La Libre Belgique concluded that SNCB’s financial situation was precarious, suggesting that the commercial passenger business had only turned in positive figures in 2005-07 thanks to the use of state grants. The freight sector was in even more serious trouble, it said, and B-Cargo would be unlikely to survive under present conditions, not least because of debts amounting to €113·5m.
On September 16 the European Commission confirmed that it had received a complaint from the European Rail Freight Association about alleged cross-subsidies within SNCB, obliging the Commission to open an enquiry. On the following day SNCB issued a statement from Chief Executive Marc Descheemaecker refuting all the accusations. Descheemaecker explained that the €510m in question 'corrected something that had been forgotten. It was not a case of working capital being increased by money falling from the sky’, but of putting in order the funding arrangements set up when SNCB was restructured in 2005. Provision had been made for funds to be transferred from the former SNCB to B-Cargo, but in practice the freight business had started out that year with no working capital, and this had subsequently been put right by the €500m grant. Descheemaecker told l’Echo that he was 'disappointed that some people had a short memory’, referring to 'leaks organised by people whose agenda was obviously not to support SNCB’.
Descheemaecker went on to say that the interim report was in reality an exchange of information in the form of questions 'according to good practice and corporate governance’ before the final report was completed in a few months’ time, L’Echo reported.
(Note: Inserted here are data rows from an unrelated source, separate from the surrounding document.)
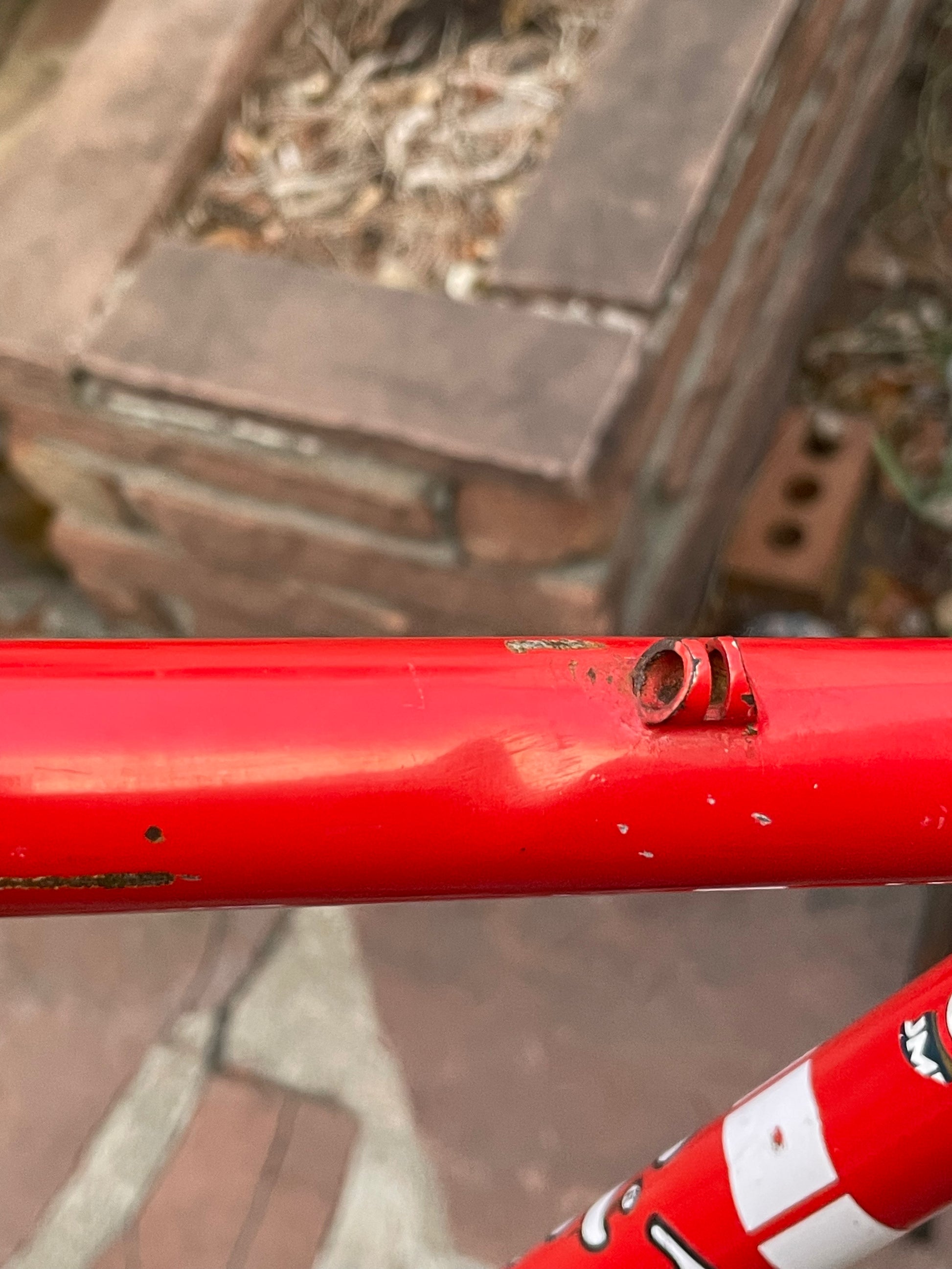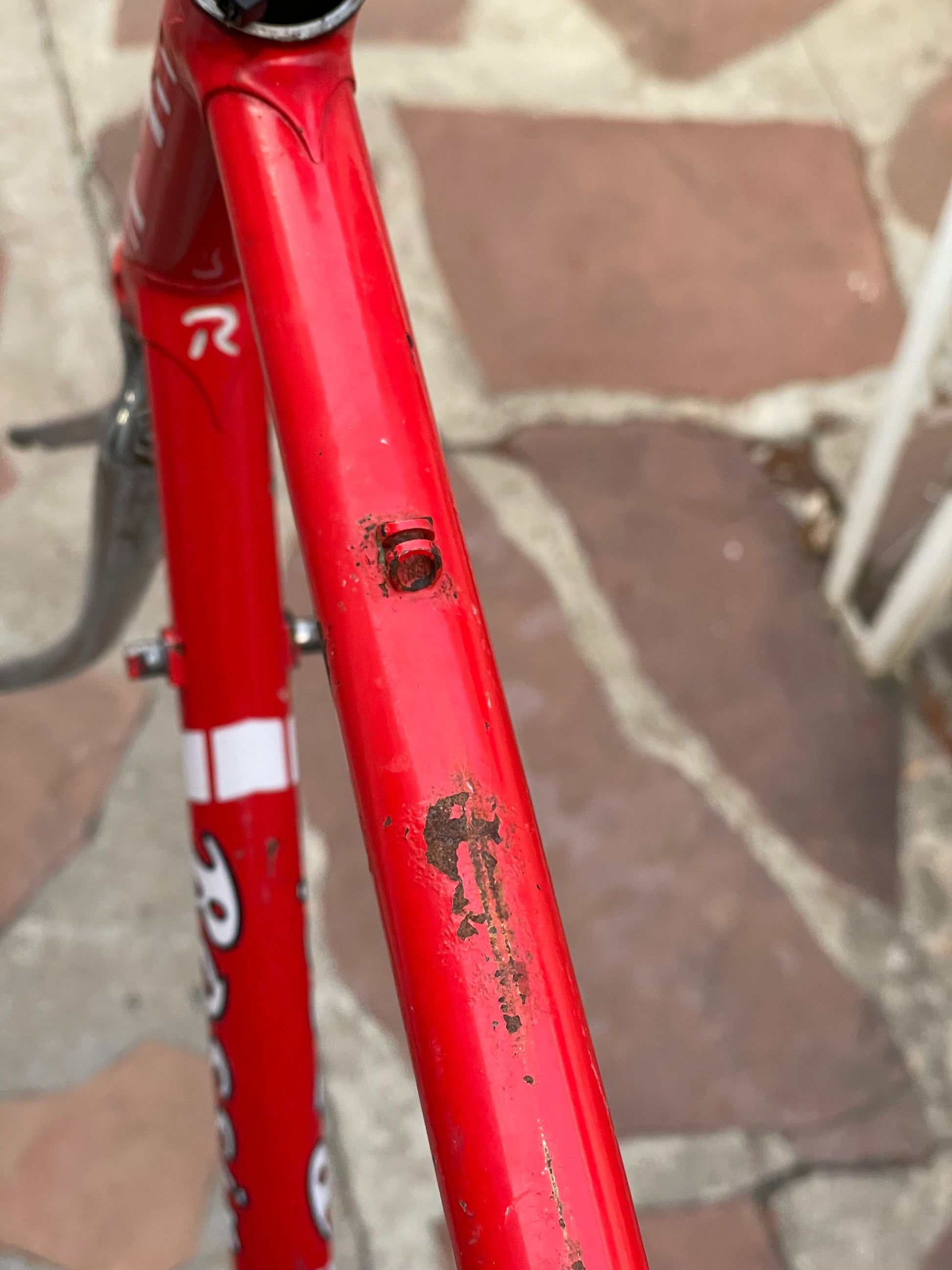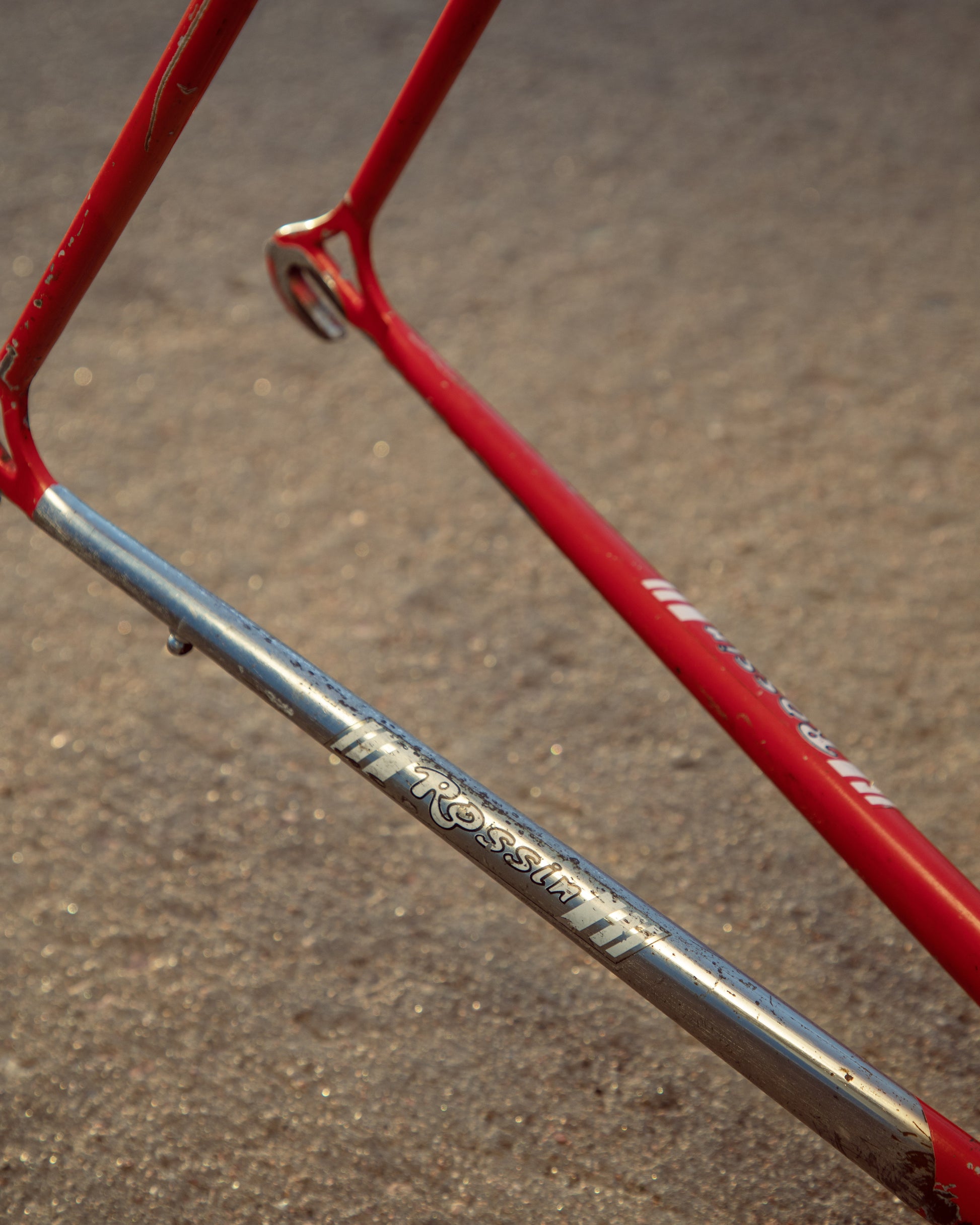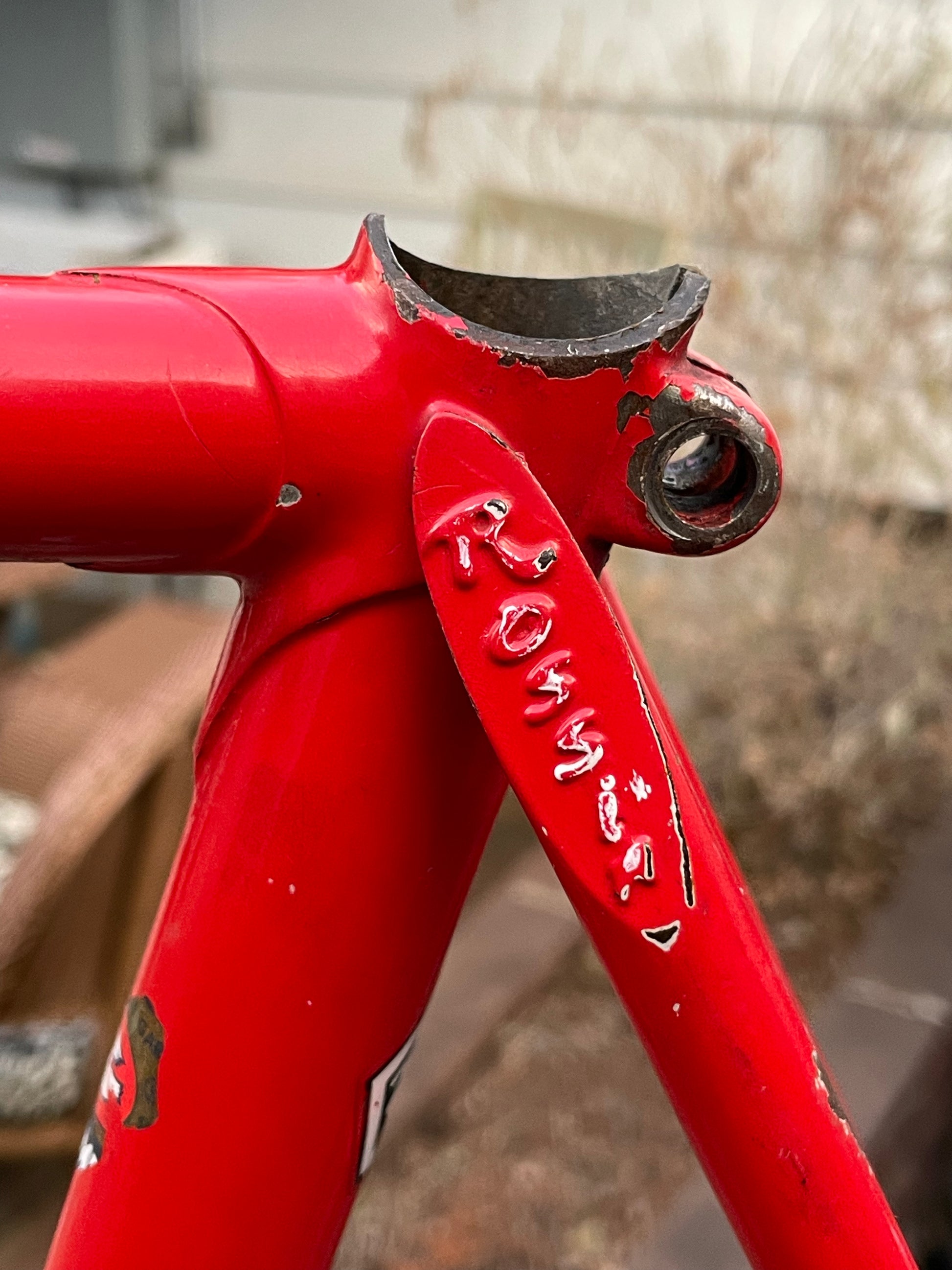 This Rossin Super Record has been well loved. The paint has seen better days and some areas on both the frame and fork are starting to oxidize. There is a small dent on the top tube (see photo). Finally, the drive side bottom bracket cup is pretty well stuck on there. Although these attributes might lower the value of the frame, it doesn't change the fact that its vintage Italian steel. This would be a great restoration contender, or build it up like this with some more modern parts!
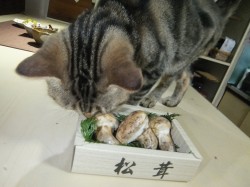大好きなお父んのために高〜い松茸を買ってきて“土瓶蒸し”も作っていました。黙っていそいそ作るお母んではありません。「におい松茸、味しめじ。」と言いながら、お父んにもちゃーちゃにも無理矢理嗅がせていました。
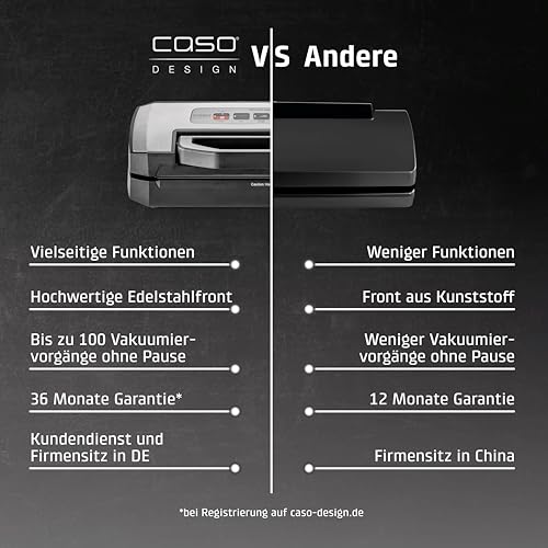 CASO VRH 490 advanced Vakuumierer, Testurteil Sehr Gut Folienschweißgerät, bis zu 100 Vakuumiervorgänge non-stop, herausnehmbare Vakuumkammer, inkl. 10 Profi-Folienbeutel
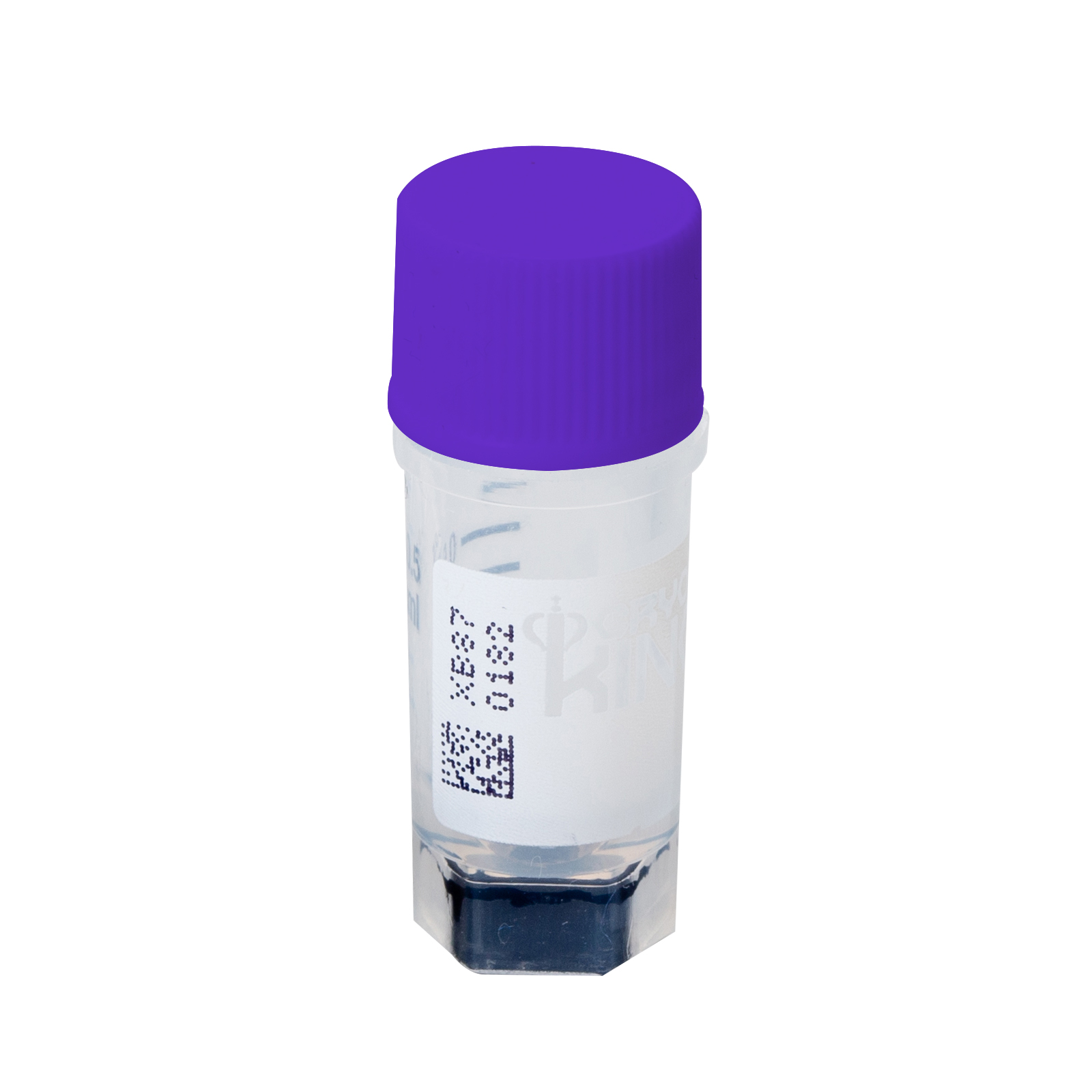 CryoKING 0.5ml cryogenic vials, purple caps, PP, 2D Barcoded + side code, self-standing,PP, autoclavable, radiation sterilization, DNase & RNase free, endotoxin free, foreign DNA free, no O-ring, Working Temperature from -196°C to 121°C, 25 Pieces/Bag, 20 Bags/Pack, 2 Packs/Case.
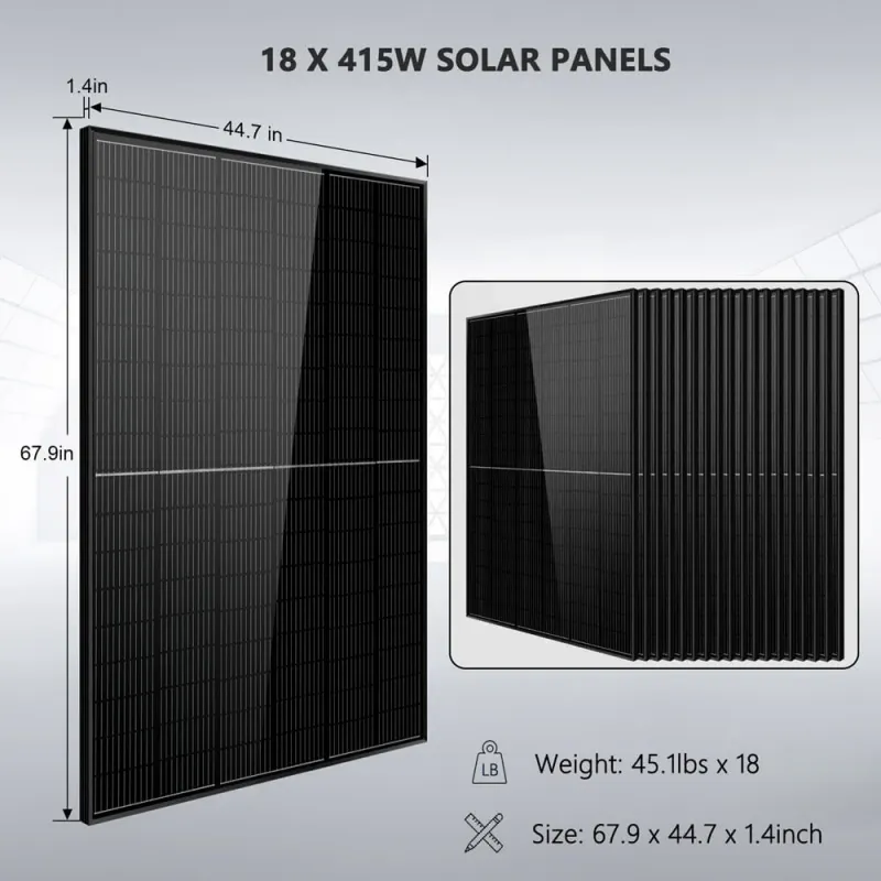 Specifications at a Glance Inverter Voltage: 48VDC input, 120/240V AC output • Continuous Power: 18,000W • Surge Power: 36,000W • MPPT Solar Input: 11,000W max (120–450V) • Battery: 51.2V 100Ah x4 (20.48kWh total) • Continuous Discharge: 100A per battery • Max Charge Current: 100A per battery • Solar Panels: 415W monocrystalline x20 • VMP: 31.61V • VOC: 38.82V • Efficiency: 22.2% • Efficiency: >95% overall • Dimensions: Inverter 25.6 × 17.7 × 5.1 in • Batteries 19.3 × 18.9 × 5.5 in each • Panels 67.8 × 44.6 × 1.4 in each • Weight: Inverter 53.5 lbs • Batteries 93 lbs each • Panels 45.1 lbs each • Certifications: UL1741 (inverter), UL61730 (panels), UN38.3 (batteries) • Warranty: 3 years inverter, 10 years batteries, 25 years panels
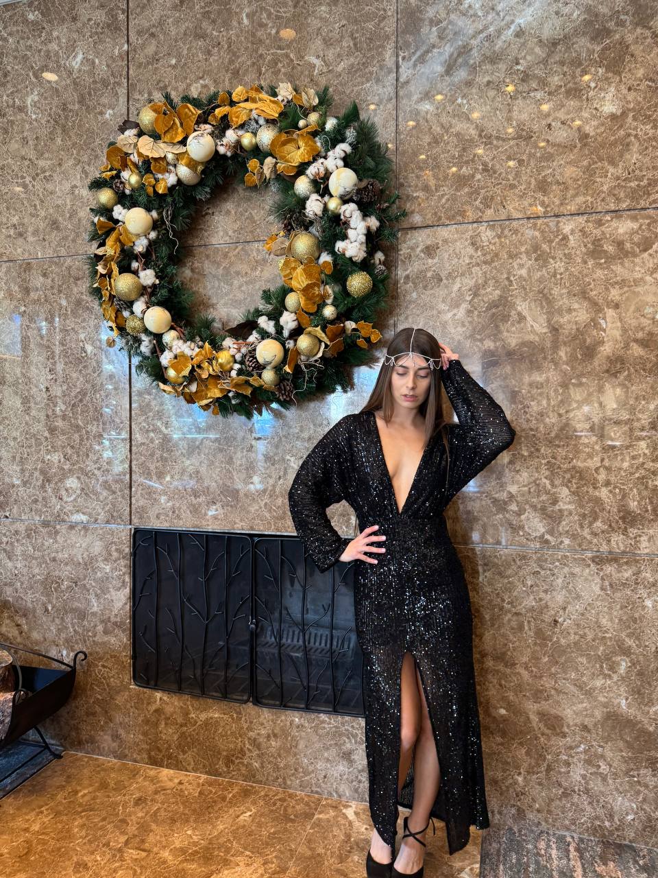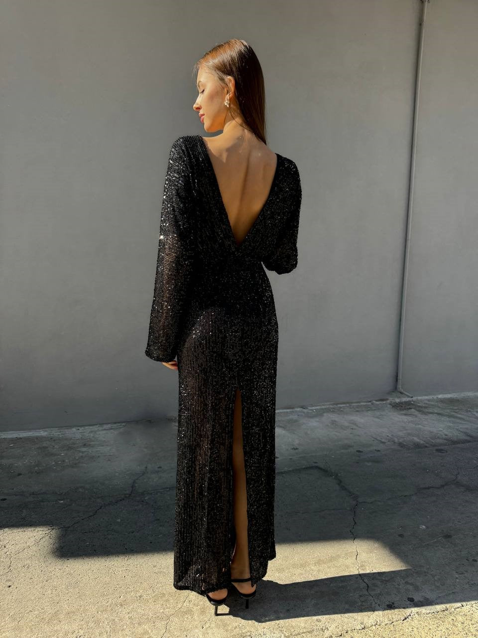 This sequin stunning dress can be worn in two ways.You can wear it as a backless dress,or another way when the cut will be in the front.
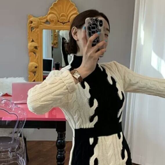 ハイネック ニット スリム タイト ワンピース コントラスト 柄 ミドル丈 大人 カジュアル キレイめ 可愛い 個性的 お出かけ お買い物 デート 女子会 春 秋 通学 学生 通勤 韓国ファッション

Asked to comment, SNCB told Railway Gazette International on September 18 that 'all the accusations are false’, pointing out that Descheemaecker had said SNCB had all the documents necessary to prove its case.
Meanwhile, in response to accusations made by the EC in June that SNCB was not adhering to European rules, the Belgian government is to introduce legislation forbidding directors of infrastructure company Infrabel from sitting on the SNCB board.